→ WHAT YOU HAVE TO DO
Write out the listing from the line with "ABB Q-Line® THQL2120GFT" to the line with "Prospect's Maia Johnson", both lines included, exactly and nothing beyond. Leave pictures out.

→ SOURCE MATERIAL
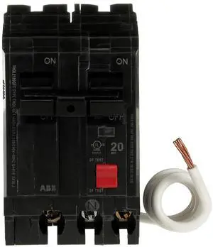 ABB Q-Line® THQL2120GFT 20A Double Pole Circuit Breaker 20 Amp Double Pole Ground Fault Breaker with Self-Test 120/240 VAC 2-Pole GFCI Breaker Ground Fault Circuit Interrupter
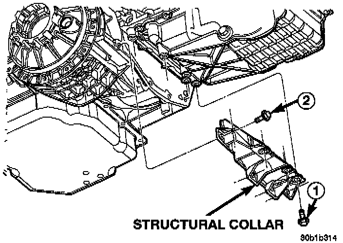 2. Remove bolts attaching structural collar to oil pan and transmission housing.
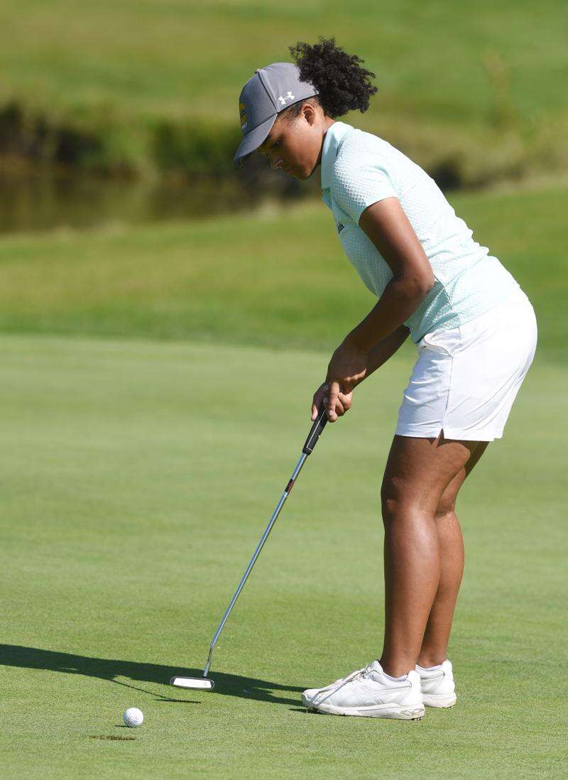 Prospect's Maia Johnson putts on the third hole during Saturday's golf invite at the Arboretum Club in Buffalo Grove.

---

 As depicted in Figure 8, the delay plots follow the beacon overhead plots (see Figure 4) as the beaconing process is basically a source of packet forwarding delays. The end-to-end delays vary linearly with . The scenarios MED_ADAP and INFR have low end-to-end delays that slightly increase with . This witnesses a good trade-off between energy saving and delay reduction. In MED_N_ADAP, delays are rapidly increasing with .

→ WRITTEN RESPONSE
 ABB Q-Line® THQL2120GFT 20A Double Pole Circuit Breaker 20 Amp Double Pole Ground Fault Breaker with Self-Test 120/240 VAC 2-Pole GFCI Breaker Ground Fault Circuit Interrupter
 2. Remove bolts attaching structural collar to oil pan and transmission housing.
 Prospect's Maia Johnson putts on the third hole during Saturday's golf invite at the Arboretum Club in Buffalo Grove.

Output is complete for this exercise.